(Stored records)
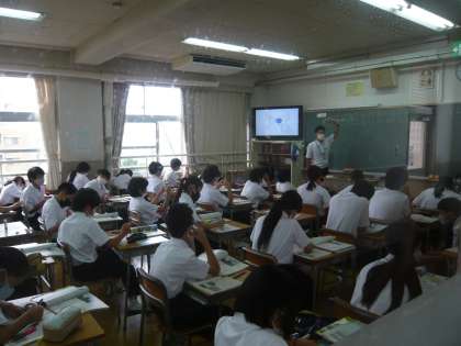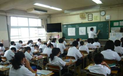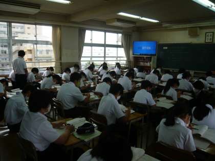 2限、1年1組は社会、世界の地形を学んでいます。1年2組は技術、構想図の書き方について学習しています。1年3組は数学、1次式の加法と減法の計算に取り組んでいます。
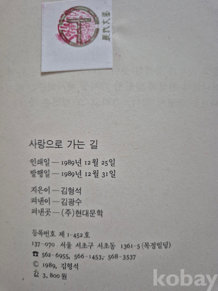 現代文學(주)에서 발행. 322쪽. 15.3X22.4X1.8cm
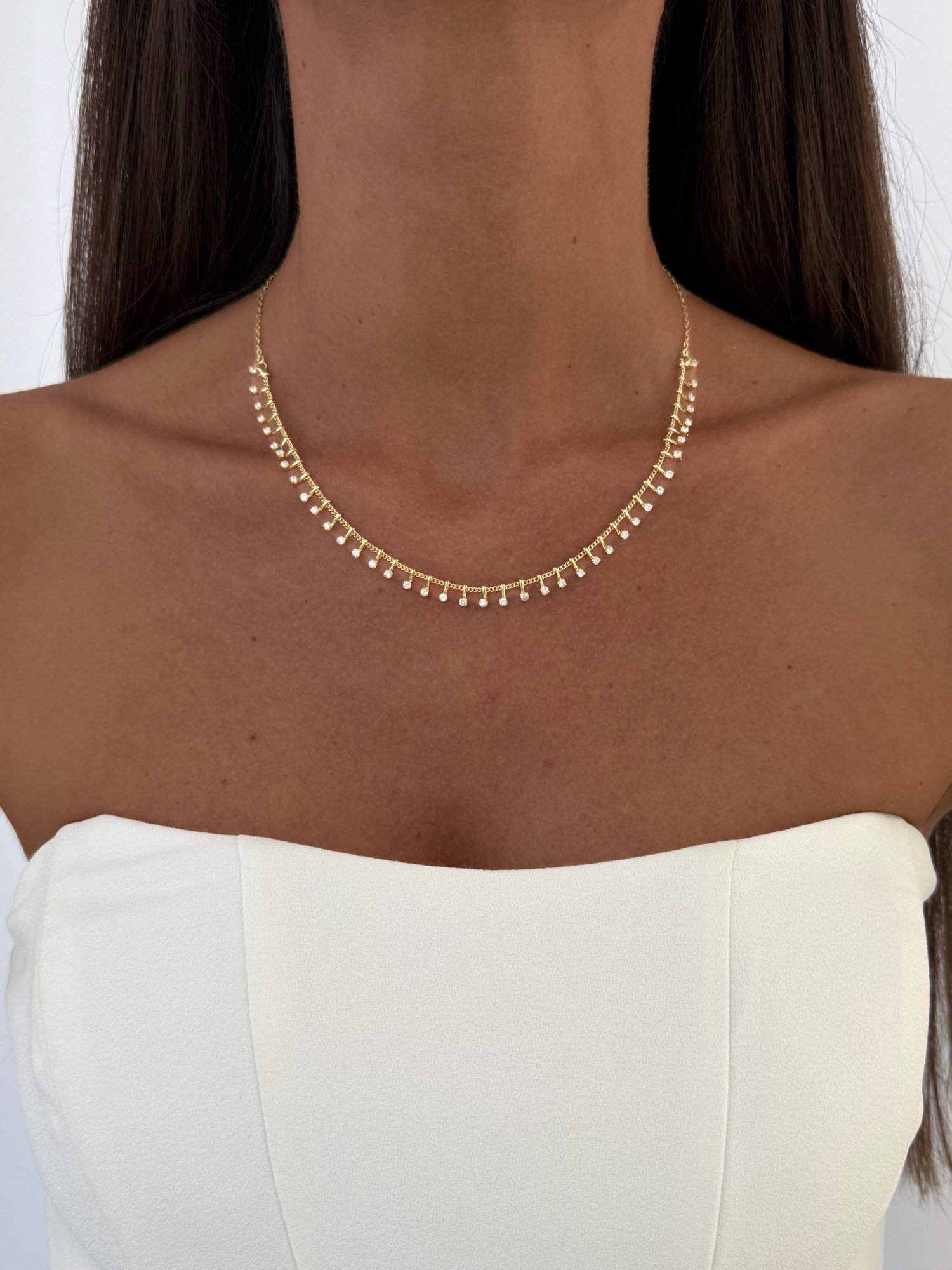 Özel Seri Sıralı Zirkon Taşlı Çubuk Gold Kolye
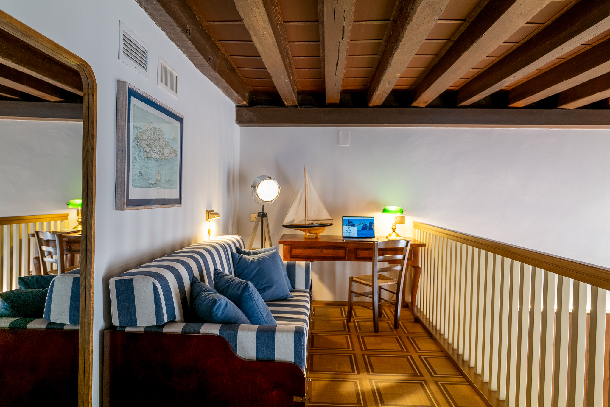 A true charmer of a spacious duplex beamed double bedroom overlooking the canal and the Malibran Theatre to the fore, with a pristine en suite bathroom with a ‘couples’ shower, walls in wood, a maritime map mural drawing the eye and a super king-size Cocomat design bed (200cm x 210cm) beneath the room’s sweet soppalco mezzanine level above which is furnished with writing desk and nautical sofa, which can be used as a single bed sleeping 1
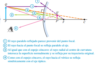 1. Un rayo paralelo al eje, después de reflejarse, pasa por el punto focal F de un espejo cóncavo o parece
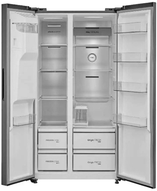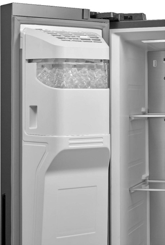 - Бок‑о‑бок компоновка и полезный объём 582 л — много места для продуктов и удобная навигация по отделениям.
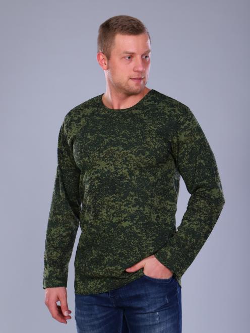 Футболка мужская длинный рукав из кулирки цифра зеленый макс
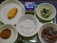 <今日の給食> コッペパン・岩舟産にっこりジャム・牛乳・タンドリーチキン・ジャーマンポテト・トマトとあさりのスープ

● **Task instructions**
Print the records again exactly, without the pictures.

● **Solution to the problem**
 2限、1年1組は社会、世界の地形を学んでいます。1年2組は技術、構想図の書き方について学習しています。1年3組は数学、1次式の加法と減法の計算に取り組んでいます。
 現代文學(주)에서 발행. 322쪽. 15.3X22.4X1.8cm
 Özel Seri Sıralı Zirkon Taşlı Çubuk Gold Kolye
 A true charmer of a spacious duplex beamed double bedroom overlooking the canal and the Malibran Theatre to the fore, with a pristine en suite bathroom with a ‘couples’ shower, walls in wood, a maritime map mural drawing the eye and a super king-size Cocomat design bed (200cm x 210cm) beneath the room’s sweet soppalco mezzanine level above which is furnished with writing desk and nautical sofa, which can be used as a single bed sleeping 1
 1. Un rayo paralelo al eje, después de reflejarse, pasa por el punto focal F de un espejo cóncavo o parece
 - Бок‑о‑бок компоновка и полезный объём 582 л — много места для продуктов и удобная навигация по отделениям.
 Футболка мужская длинный рукав из кулирки цифра зеленый макс
 <今日の給食> コッペパン・岩舟産にっこりジャム・牛乳・タンドリーチキン・ジャーマンポテト・トマトとあさりのスープ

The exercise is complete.